The Point of It All is the fourth studio album by American singer Anthony Hamilton. It was released on December 16, 2008, by Mister's Music, So So Def Recordings, and Zomba. The album's production was handled by Hamilton himself along with Mark Batson, Kevin Wooten, Dre & Vidal, James "Big Jim" Wright and Salaam Remi, among others.
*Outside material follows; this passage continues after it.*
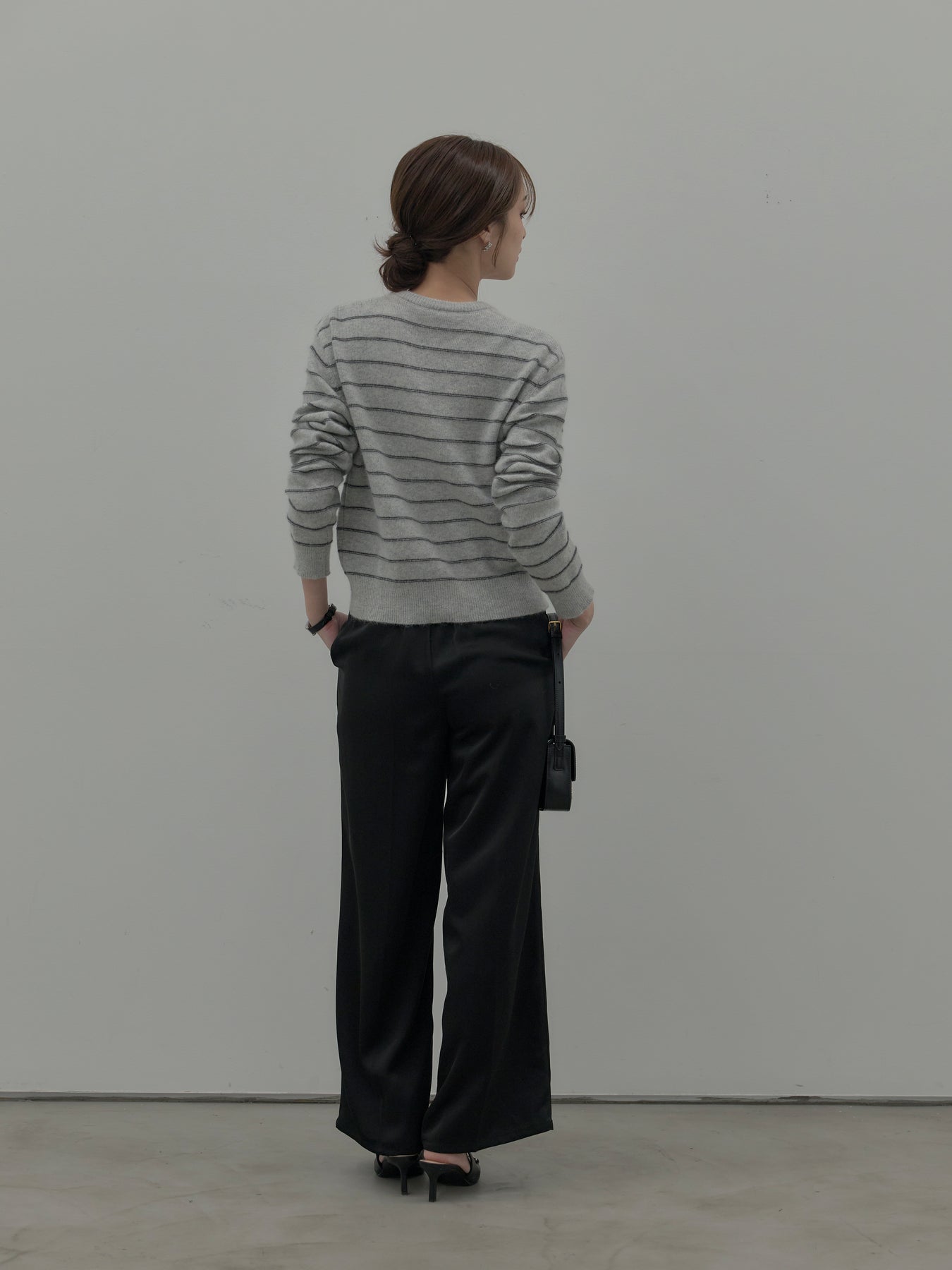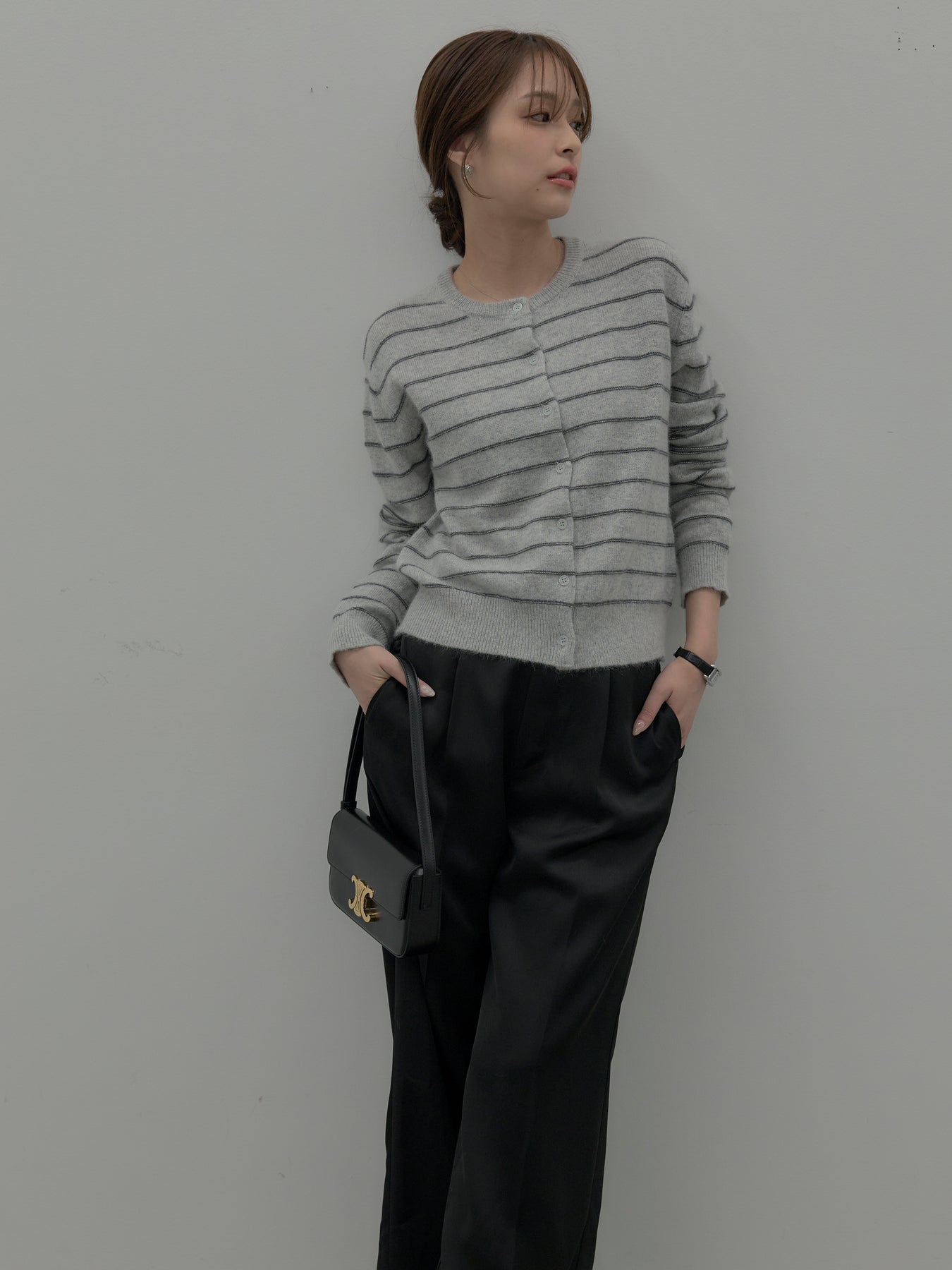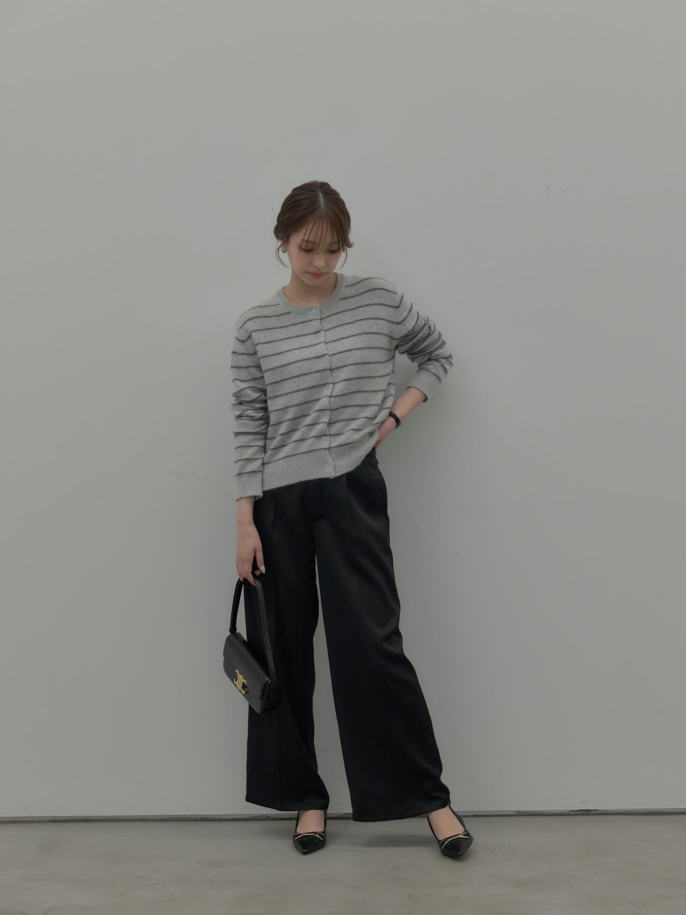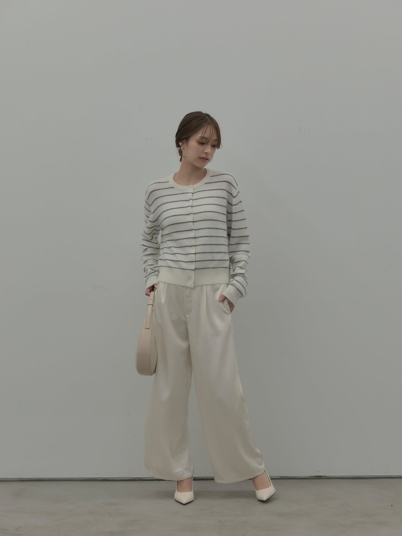 【SET】【premium touch】アルパカタッチボーダーニットカーディガン+【Essential】センタープレスサテンパンツ(2set)

The album debuted at number 12 on the US Billboard 200 and at number three on the Top R&B/Hip-Hop Albums chart, selling 133,000 copies in its first week of release, the highest sales week of his career. Upon its release, The Point of It All received generally positive reviews from most music critics. As of May 2010, the album had sold over 519,000 copies in the United States and was certified gold by the Recording Industry Association of America (RIAA).

Singles
The album's lead single "Cool" featuring David Banner, and it peaked at number 74 on the US Billboard Hot 100 and at number 19 on the Hot R&B/Hip-Hop Songs chart.

Critical reception

The Point of It All received generally positive reviews from music critics. At Metacritic, which assigns a normalized rating out of 100 to reviews from mainstream publications, the album received an average score of 72, based on nine reviews. Mike Joseph of PopMatters viewed Hamilton as "an artist capable of filling the void created when Gerald LeVert and Luther Vandross passed away. The album's opening track, "The News", drew comparisons to past artists tackle on social issues. Andy Kellman of AllMusic stated the song is "as poignant as Curtis Mayfield's 'Pusherman' and Willie Hutch's 'Brothers Gonna Work It Out'". Edward Bowser of Soul in Stereo described it as "[s]ort of like a more hip 'What's Going On,' about constant drama on the news and the need for a savior."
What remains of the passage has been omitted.